Stored items from a collection:
○ ○ ○ ○
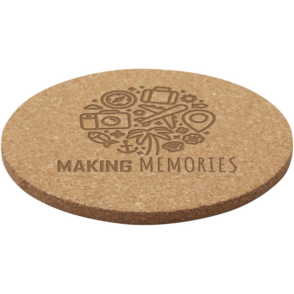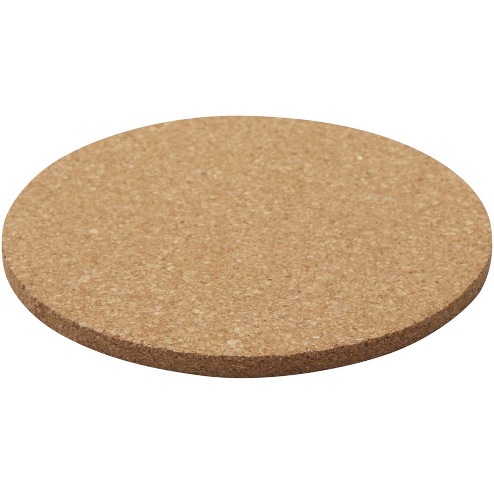 Ronde onderzetter van kurk afkomstig uit duurzamere en sociaal verantwoorde bronnen. Afmetingen: 10 x 0,5 cm.
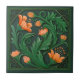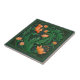 Original Artwork Green and Orange Flowers Ceramic Tile
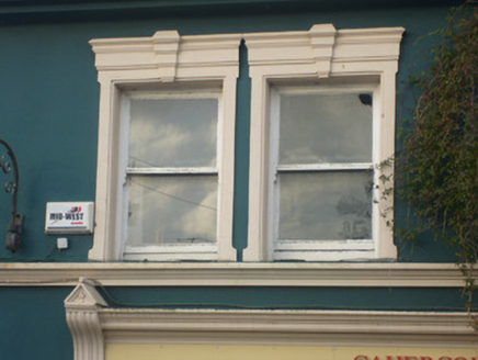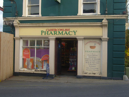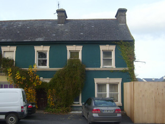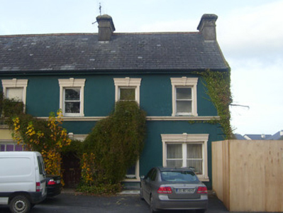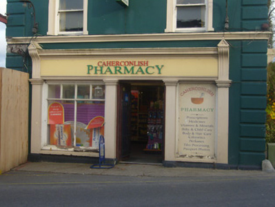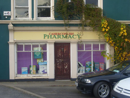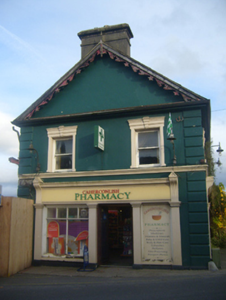 Semi-detached six-bay two-storey house, built c. 1800, having render shopfronts to west and south elevations. Now in use as a pharmacy. Pitched slate roof with cast-iron rainwater goods, rendered chimneystacks, terracotta ridge tiles, finials and timber bargeboards. Rendered walls having render quoins and stringcourse. Square-headed openings to first floor with render surrounds having architraves with keystones and one-over-one pane timber sliding sash windows. Square-headed opening to ground floor having render surround with architrave, keystone, concrete sill and bipartite one-over-one pane timber sliding sash windows. Shopfront to west comprising render Doric style pilasters, fluted consoles with pedimented caps, fascia and moulded cornice. Square-headed display windows, some with fixed timber windows. Square-headed opening having half-glazed timber panelled double doors. Shopfront to south comprising render Doric style pilasters, fluted consoles with pedimented caps, fascia and moulded cornice. Square-headed display windows having fixed timber windows. Square-headed opening with timber panelled door. Square-headed opening having render surround with architrave, keystone and timber panelled door.
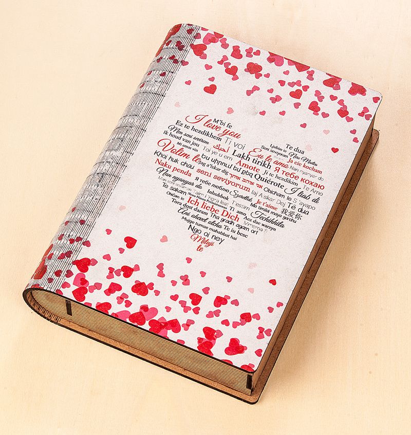 Kitap Şeklinde Mıknatıslı Ahşap Akordeon Kutu - Aşkın Dili
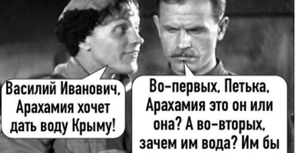 Мужчина выставил кадр из известного фильма, где идет диалог между двумя мужчинами. Один говорит: «Василий Иванович, Арахамия хочет дать воду Крыму», на что тот ему отвечает: «Во-первых, Петька, Арахамия это он или она? А во вторых, зачем им вода: Им бы водки».
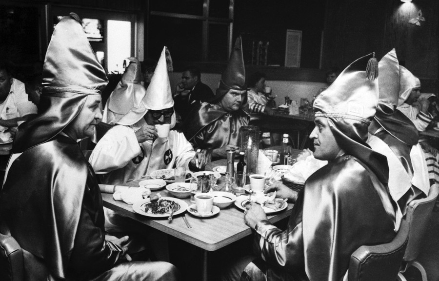 Read moreOriginal Caption: Klan Kaffee Klatsch. William M. Chaney (far left) of Greenwood, Indiana, Grand Dragon of the Klu Klux Klan for Indiana and Imperial Representative for Kentucky, dines with other Klansmen on October 15, 1967. A Klan motorcade which crisscrossed Indiana ended late October 15 near this Kentucky town. #
○ ○ ○ ○
## What this task involves:
Return only the line with "Original Artwork Green" and the lines after it up to the end of the records, exact and free of pictures.

## Answer to the exercise:
 Original Artwork Green and Orange Flowers Ceramic Tile
 Semi-detached six-bay two-storey house, built c. 1800, having render shopfronts to west and south elevations. Now in use as a pharmacy. Pitched slate roof with cast-iron rainwater goods, rendered chimneystacks, terracotta ridge tiles, finials and timber bargeboards. Rendered walls having render quoins and stringcourse. Square-headed openings to first floor with render surrounds having architraves with keystones and one-over-one pane timber sliding sash windows. Square-headed opening to ground floor having render surround with architrave, keystone, concrete sill and bipartite one-over-one pane timber sliding sash windows. Shopfront to west comprising render Doric style pilasters, fluted consoles with pedimented caps, fascia and moulded cornice. Square-headed display windows, some with fixed timber windows. Square-headed opening having half-glazed timber panelled double doors. Shopfront to south comprising render Doric style pilasters, fluted consoles with pedimented caps, fascia and moulded cornice. Square-headed display windows having fixed timber windows. Square-headed opening with timber panelled door. Square-headed opening having render surround with architrave, keystone and timber panelled door.
 Kitap Şeklinde Mıknatıslı Ahşap Akordeon Kutu - Aşkın Dili
 Мужчина выставил кадр из известного фильма, где идет диалог между двумя мужчинами. Один говорит: «Василий Иванович, Арахамия хочет дать воду Крыму», на что тот ему отвечает: «Во-первых, Петька, Арахамия это он или она? А во вторых, зачем им вода: Им бы водки».
 Read moreOriginal Caption: Klan Kaffee Klatsch. William M. Chaney (far left) of Greenwood, Indiana, Grand Dragon of the Klu Klux Klan for Indiana and Imperial Representative for Kentucky, dines with other Klansmen on October 15, 1967. A Klan motorcade which crisscrossed Indiana ended late October 15 near this Kentucky town. #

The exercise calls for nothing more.